His views also prompted Stanford to issue a statement distancing itself from the faculty member, saying Atlas “has expressed views that are inconsistent with the university’s approach in response to the pandemic”.

“We support using masks, social distancing, and conducting surveillance and diagnostic testing,” the university said on 16 November. “We also believe in the importance of strictly following the guidance of local and state health authorities.”

So even his colleagues at Stanford distanced themselves from him.

Comments

  1. Venkataraman Amarnath says

    Tennessee areas where mask requirements were instituted over the summer have substantially lower death rates due to COVID-19 as compared to areas without mask requirements, according to a new analysis by Vanderbilt Department of Health Policy researchers.

    The analysis, led by John Graves, PhD, associate professor of Health Policy and director of the Vanderbilt Center for Health Economic Modeling, finds that deaths per 100,000 population in the 67 counties that never required masks rose to a rate more than double the 28 counties that began requiring masks at some point between July 1 and the first week of August.

  2. Matt G says

    I saw an article from a paper in Tennessee which said: If you plan a big Thanksgiving gathering, plan a small Christmas funeral.” Not sure if it was Mano who linked to it.

  3. Who Cares says

    It is not just “Wear the damn masks”, it is Wear The Damn Masks Correctly!
    During the run on the supermarket, first one after they put up a mask requirement, over half the people do not wear them over their nose. That completely negates the use of the mask.

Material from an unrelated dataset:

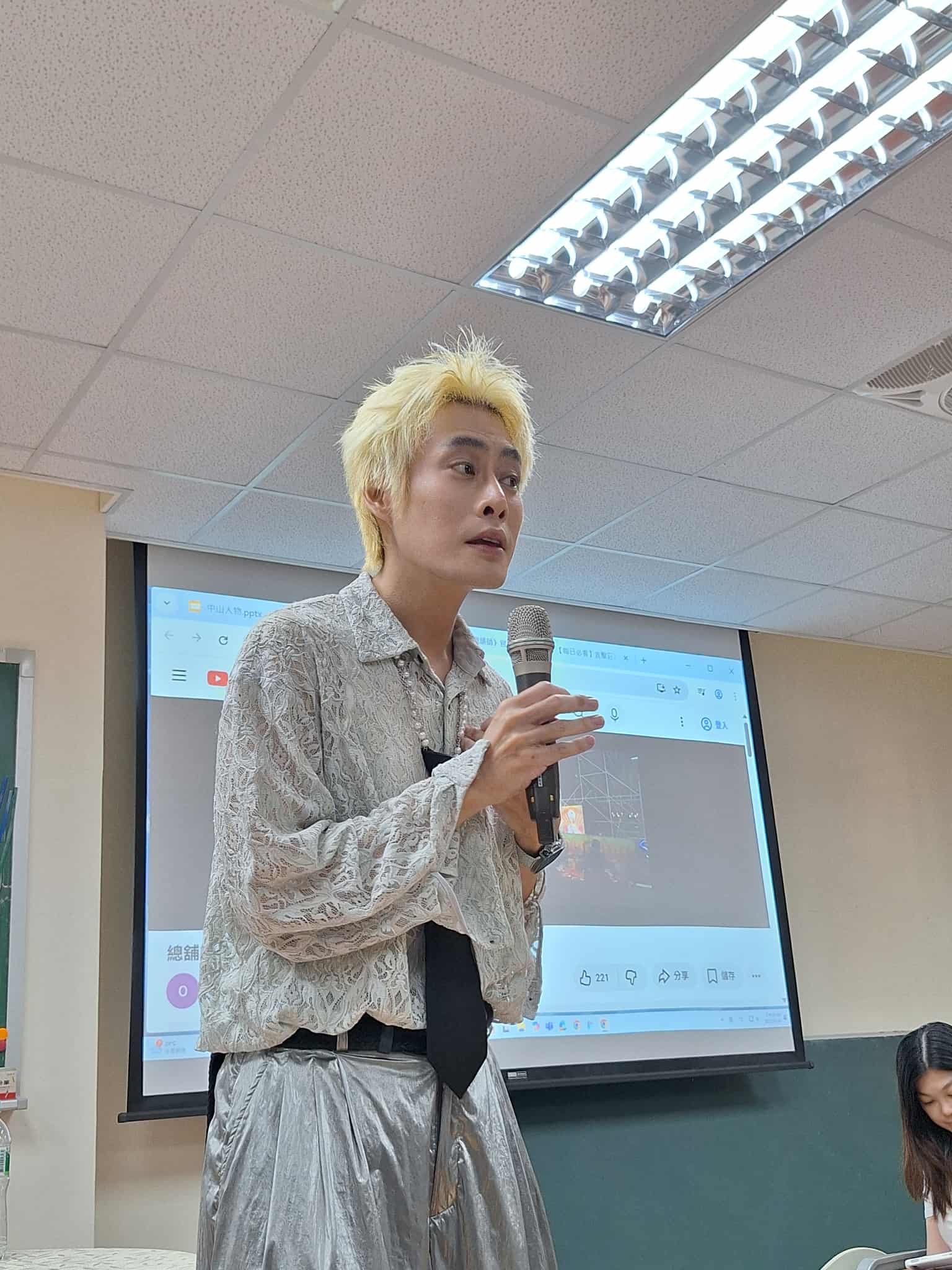 在談到社群時代的創作時,陳栢青以「挑菜、挑男人」的幽默比喻,指出人們在社群媒體上不斷挑選、展示自我,其實都是一種「想被看見」的渴望。他以自身曲折又戲劇化的交友經歷為引,談到身為男同志的成長歷程:從性別壓迫中走出,到社群時代得以被看見。社群媒體讓多元性別族群的故事被廣泛聽見,也讓不同立場的人有了對話的可能;他也提醒學生,在這個充滿曝光與焦慮的時代,真正的創作應該回到「關心什麼、在乎誰」,因為寫作的第一步,就是好奇、找到自己在乎的事。

  4. consciousness razor says

    I saw a random clip of Schumer blathering the other day (sorry, it’s already blocked out of my memory), and it wasn’t over his nose either (more than once, actually, in the span of maybe a few minutes). Nobody there seemed to notice. And I remember Pelosi giving press conferences some time ago, where she kept trying and failing to wear hers correctly too…. might as well put the fucking thing on as a belt.

  5. Mano Singham says

    Regarding the nose thing, part of the problem is that some people think the virus is spread only by ‘droplets’, which they think only emerges from coughing or spittle.They see droplets as being large enough to be visible. They think that normal exhaling does spray droplets.

    Of course, masks over the nose also helps prevent the virus from entering the body but they ignore that.

  6. says

    No one ever learns or gets any smarter. Despite the instant (*) post-thanksgiving outbreaks, I’ve seen reports that 1-2 million in the US STILL plan to travel for xmas. (* Less than ten days for a disease with a two week incubation period I consider instant.) How many more are planning winter vacations, not just politicians?

    It took just over nine months for the worldwide death toll to reach one million on October 1st. Today at 08:00 UTC, it reached 1.5 million. That’s 500,000 dead in nine weeks, more than twice the rate. And it hasn’t even hit the worst point yet, with world and US records being set twice this week.

  7. Silentbob says

    The US is on course to have 300,000 covid deaths by the end of the year. The US death toll from WW2 was about 400,000. And that was over several years, not less than one. Yes, I know, the population has tripled since WW2, but the scale of the pandemic in the US still freaks me out. (Our death toll in Australia is about 900.)